La pollution de l’air fait plus de 300’000 décès par an dans l’UE

Même s’il a diminué de plus de 10% en une année, ce chiffre reste alarmant. Avec 39’300 morts, la Pologne est le pays le plus touché relativement à sa population.
15 nov. 2021, 07:26
En 2018, le nombre de morts lié aux particules fines PM 2,5 était estimé à 346'000. (illustration)

La pollution aux particules fines a provoqué 307’000 décès prématurés dans l’Union européenne en 2019. Ce chiffre reste alarmant mais a diminué de plus de 10% en un an, selon un rapport de l’Agence européenne de l’environnement publié lundi.

D’après cette étude, plus de la moitié de ces vies pourraient être sauvées si les 27 pays membres respectaient les nouveaux objectifs de qualité de l’air récemment fixés par l’Organisation mondiale de la santé (OMS).



En 2018, le nombre de morts lié aux particules fines PM 2,5 (particules en suspension dans l’air dont le diamètre est inférieur à 2,5 micromètres) était estimé à 346’000.

La nette baisse de 2019 s’explique en partie par des conditions météorologiques favorables mais surtout par la poursuite de l’amélioration progressive de la qualité de l’air en Europe, selon l’AEE.

Pologne plus touchée

Au début des années 1990, les particules fines, qui pénètrent profondément dans les poumons, provoquaient ainsi près d’un million de décès prématurés dans les 27 pays de l’UE, d’après ces données. Un chiffre déjà tombé à environ 450’000 en 2005.

Parmi les principaux pays de l’UE, la pollution aux particules fines a été responsable en 2019 de 53’800 décès prématurés en Allemagne, 49’900 en Italie, 29’800 en France et 23’300 en Espagne, selon l’EAA. Avec 39’300 morts, la Pologne est le pays le plus touché relativement à sa population.

L’AEE mesure également les décès liés aux deux autres principaux polluants de l’air dangereux pour la santé, mais n’additionne pas les bilans car cela conduirait selon elle à des doubles comptages.

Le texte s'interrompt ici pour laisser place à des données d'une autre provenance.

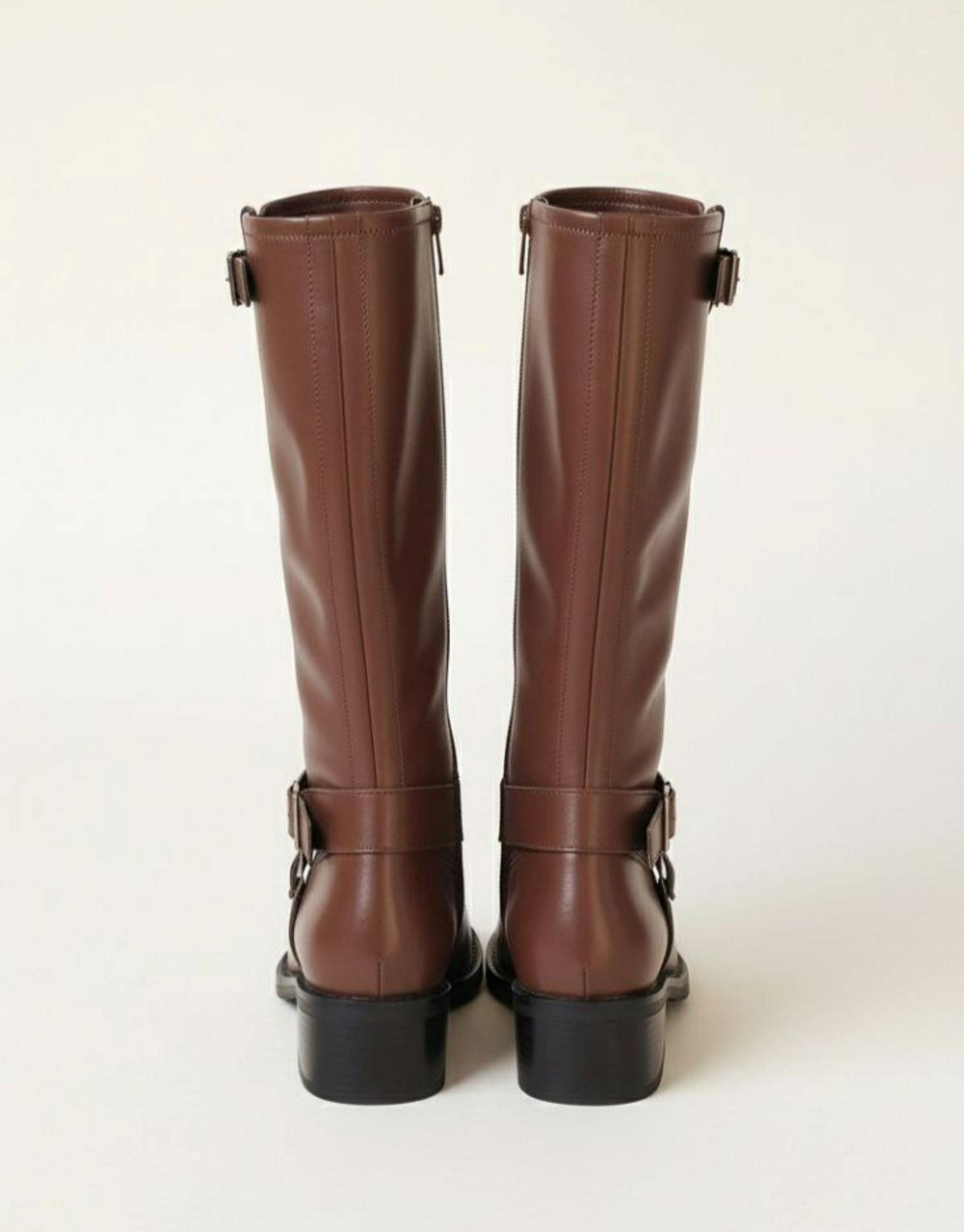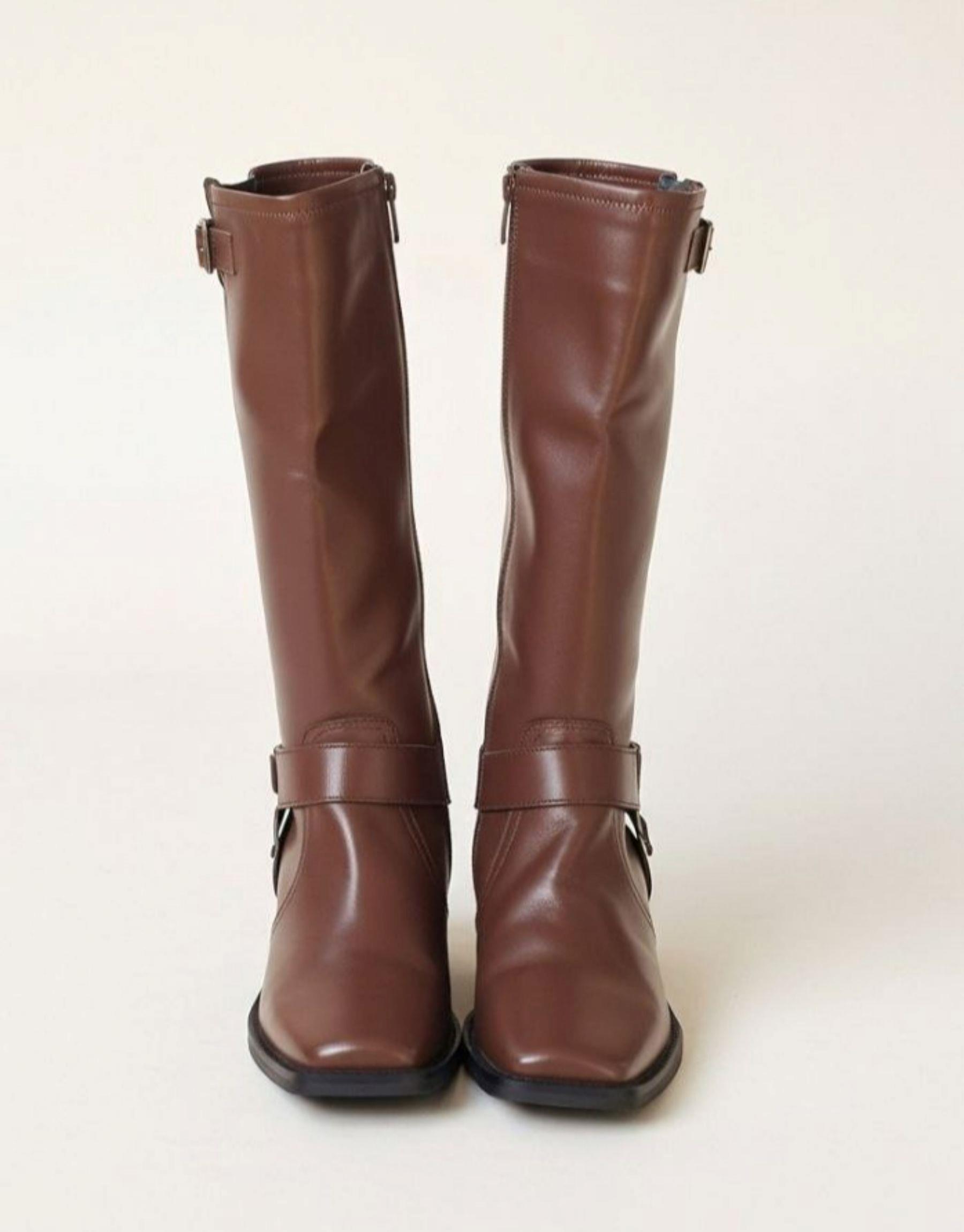 Çizi toka detaylı küt burun kahve deri çizme Kahve

Pour les particules d’ozone (O3), la tendance en 2019 était aussi à la baisse avec 16’800 morts prématurées, soit un recul de 13% sur un an. Pour le dioxyde d’azote (NO2), gaz produit principalement par les véhicules et les centrales thermiques, les décès prématurés ont diminué d’un quart entre 2018 et 2019, passant à 40’400.